Por Carla Rosane Ouriques Couto

                                                   “Toda pessoa é um idioma à parte” (F. Carpinejar)

Num cenário de clima extremamente árido, o filme mostra o cotidiano de Lucky, 90 anos, todos eles vividos em uma pequena cidade de região desértica americana. Lucky nunca se casou, vive só, cuida de suas plantas e mantém em sua geladeira apenas uma garrafa de leite. A simplicidade de sua rotina, no entanto, não é árida e tem seus encantos. Ouve boa música, uma delas com o refrão: “tempo é amigo…por que paga e por que cobra, por que tira e por que dá...”, enquanto faz religiosamente toda manhã, cinco exercícios de Yoga. Este início do drama confirma o que diz o poeta Carpinejar: “a velhice vem aos goles. Nunca se bebe o tempo num único sorvo”.

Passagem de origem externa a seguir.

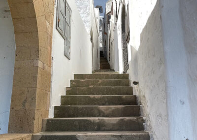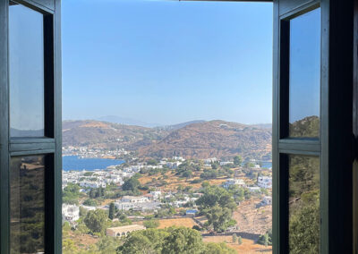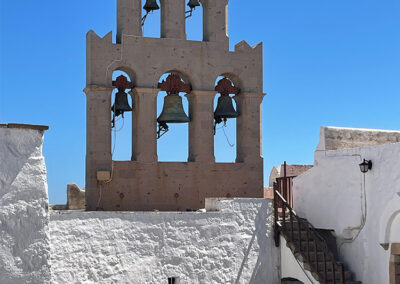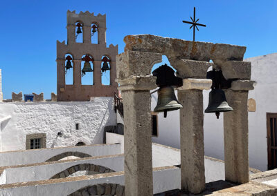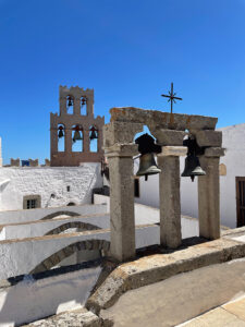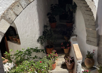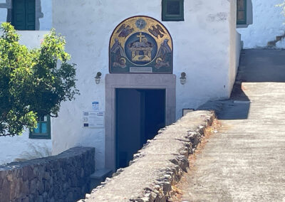 When we left this site we went to Hora, another of the three towns on this small island. Hora is at the top of the mountain and is the site of the St. John Monastery and Museum. The bus had a narrow road to follow with more than a few tight turns along the way. It couldn’t get through the narrow streets, and only a few places I saw in the town were on flat ground, so we got our exercise walking up and down hill a lot when we weren’t climbing steps.

A trilha sonora principal é um clássico do folclore americano – “Red River Valley”, que se ouve enquanto Lucky caminha a passos rápidos e largos, por toda a cidade, cumprimentando seus amigos e conhecidos, que sentem pelo velho rabugento, um misto de respeito e amor, expresso em brincadeiras e ditos que foram se construindo através dos anos como forma de comunicação. 

Lucky faz suas refeições matinais numa pequena lanchonete, onde estão seus amigos mais próximos e ao fim do dia passa no bar da Elaine. O “bom dia” de Lucky ao amigo atendente da lanchonete é invariavelmente a expressão: “você não é nada!”. Por conta de seu comportamento singular que não admite a mínima repressão a si ou aos outros, Lucky foi expulso do outro bar da cidade, e encontrou acolhimento entre os amigos do Elaine’s. Ali todos sabem que para Lucky toda autoridade é arbitrária.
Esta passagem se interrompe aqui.